An additional 373 and 534 transcripts generated exclusive hybridization signals (with signal intensity below cutoff threshold level in one channel) in females and males, respectively, and may therefore represent sex specific transcripts. Functional categorization of female and male enriched transcripts were remarkably similar, with male mosquitoes expressing a slightly larger number of immune and redox/stress related transcripts while females expressed a larger number of putative blood digestive enzyme transcripts. This particular pattern of immune gene expression is surprising considering a predicted lower need for immune defense in the males, due to the lack of pathogen exposure that results from blood feeding.
144 orthologous genes displaying the same sex specific transcription pattern in An. gambiae, while 74 orthologs showed an opposite profile, suggesting differences in certain sex specific functions between the two mosquito species.
Finally, the overall chromosomal organization showed significant synteny ("a distinct one-to-one correlation") between the Aedes aegypti genome and that of both An. gambiae and D. melanogaster (with an exception on the 2p and 3q chromosomal arms.
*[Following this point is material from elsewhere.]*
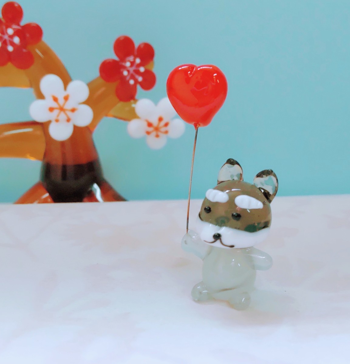 ハート持ちシュナウザーのガラス細工の置物です。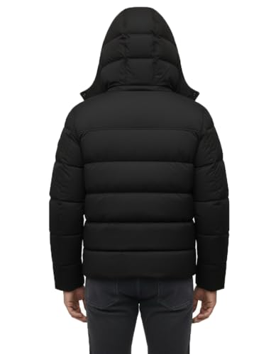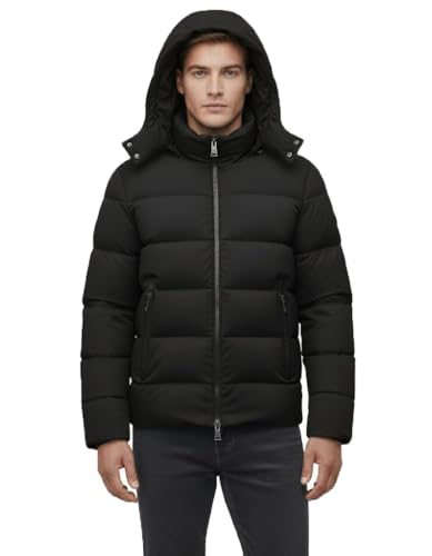 Generic - جاكيت مبطن للرجال بغطاء للرأس، اسود، ملابس خارجية عازلة للشتاء، سحاب امامي

A summary of the genetic comparisons provided in the report was provided in tabular form as set forth below (click on table to enlarge).
1 This work was the result of an international effort involving scientists from The Institute for Genomic Research, Broad Institute of MIT and Harvard, Virginia Polytechnic Institute and State University, Bloomberg School of Public Health, Johns Hopkins University, University of Notre Dame, Harvard University, College of Agricultural Sciences, Colorado State University, Northwestern University, University of California, Riverside, University of California, Santa Cruz, Purdue University, Texas A&M, the Joint Technology Center, and the University of Massachusetts in the U.S.; European Bioinformatics Institute (EMBL-EBI), University of Geneva Medical School, Swiss Institute of Bioinformatics, Imperial College London, University of Oxford, Centro Nacional de Genotipado, Fundación Pública Galega de Medicina Xenómica, Hospital Clínico Universitario de Santiago, Institut Pasteur, Universidade da Coruña, Institut Jacques Monod, Universität Göttingen, and Complexo Hospitalario Universitario de Santiago in Europe; and Universidade de Sao Paulo, Instituto de Quimica, Universidade de Sao Paulo, Institute of Biomedical Sciences, and the Instituto Butantan in Brazil.